I've had absolutely no problems with 1.1.0_beta3 and 2.6.16 series kernels.  

Just curious - Did yall follow the kernel config instructions on the Gentoo Wiki?  If so, the IEEE80211 settings are NOT required.  Maybe this is the issue?Last edited by overkll on Fri May 05, 2006 6:23 pm; edited 1 time in total

----------

## davidcie

 *Quote:*   

> Huh? Whatever you've been smoking, I want some! Sorry, couldn't resist

 

Well, the ifname bug is not there anymore (you could have a look at gentoo bugzilla to find out why). And surprising as you may find it, the stock module still doesn't work on my hardware configuration. So I'll stick with CVS until a solution pops up... Feel free to contact me should you find one  :Wink: 

 *Quote:*   

> IEEE802.11 setings are NOT required

 

Of course - that's only for the rewritten 2.0 betas.

----------

## overkll

 *Quote:*   

> Well, the ifname bug is not there anymore (you could have a look at gentoo bugzilla to find out why). 

 

Is this the ifname bug you are referring to?  The changelog lists it as a gcc-4.1 issue, not a 2.6.16 kernel issue.  If it was a kernel issue, I surely would have been bitten by it, especially since I upgraded to 2.6.16-ck1 about 10 days before the bug was filed.  rt2500-1.1.0_beta3 was one of the external kernel module ebuilds I DIDN"T have problems with while upgrading from 2.6.15 to 2.6.16.

 *Quote:*   

> And surprising as you may find it, the stock module still doesn't work on my hardware configuration. So I'll stick with CVS until a solution pops up... Feel free to contact me should you find one  

 

You're not using a SMP kernel, are you?  The stable rt2500 won't work with a SMP kernel, but I believe the latest CVS version does.

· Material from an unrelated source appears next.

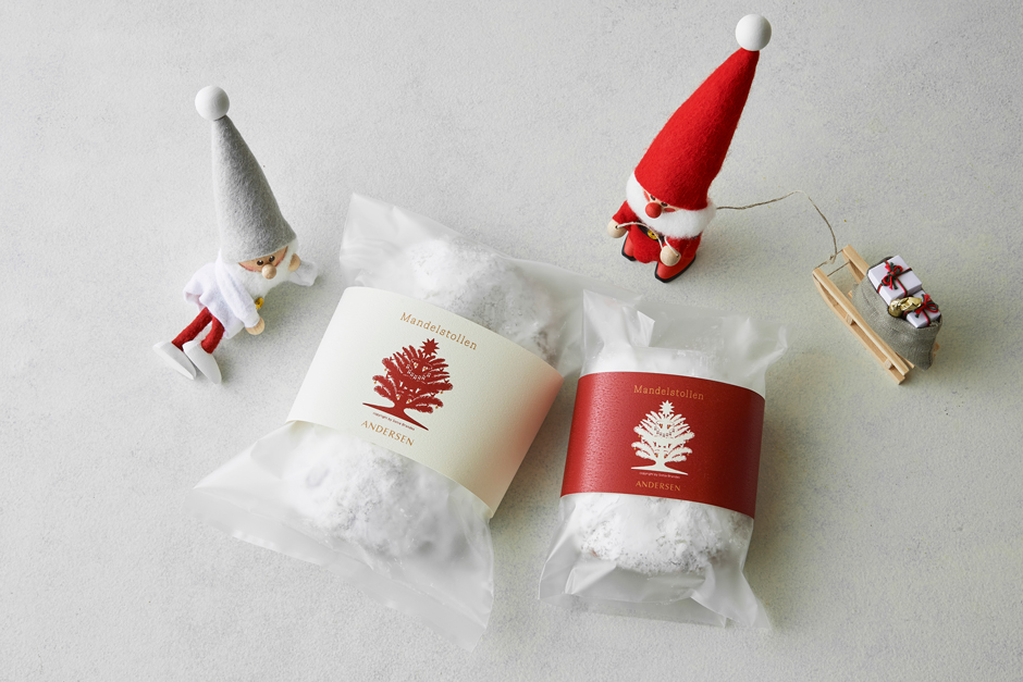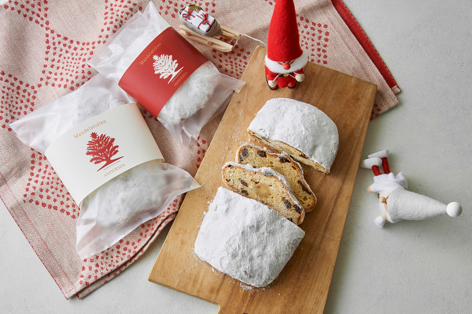 シュトレンの生地の中央にマジパンを棒状において一緒に焼き上げることで、おいしさを引き出し、しっとりとした食感に仕上がります。コーヒーや紅茶(グリュックティー)はもちろん、食後にはデザートワインとご一緒にどうぞ。

I don't know which method you are using to bring up ra0.  Personally, I find the .dat file created by the RaConig2500 utility (emerge with qt use flag) works best for me.  I have a hidden ssid and utilize WPA with TKIP and it works very well.  I've tried  "The Gentoo Way" using the unstable baselayout, but had to unhide my ssid  :Sad:  so I switched back to the stable base layout and use the .dat file.  I'll probably have another go at the gentoo way  once rt2x00_beta4 is released.

----------

## davidcie

 *Quote:*   

> Is this the ifname bug you are referring to? The changelog lists it as a gcc-4.1 issue, not a 2.6.16 kernel issue. If it was a kernel issue, I surely would have been bitten by it, especially since I upgraded to 2.6.16-ck1 about 10 days before the bug was filed.

 

Ehh, I can't help thinking it's just an empty discussion. Yes, I am using GCC 4.1, but the bug being filed as GCC-related does not have to mean it's *only* a GCC problem - rather a little more complex problem of which GCC is the most easily spotted part. FYI, it all worked fine (4.1) with older kernels, it was solely the up to .16 when I started to have problems.

 *Quote:*   

> You're not using a SMP kernel, are you? The stable rt2500 won't work with a SMP kernel, but I believe the latest CVS version does.

 

Believe me, I spent the whole night trying out different things. No, I don't use SMP.

 *Quote:*   

> I don't know which method you are using to bring up ra0. Personally, I find the .dat file created by the RaConig2500 utility (emerge with qt use flag) works best for me.

 

I didn't like the idea of external config files for separate devices. An aesthetic choice if anything; I have mine configured with the standard wireless / net under conf.d. And you don't need to emerge with the qt flag to get the .dat, btw. At least on my system  :Wink: 

----------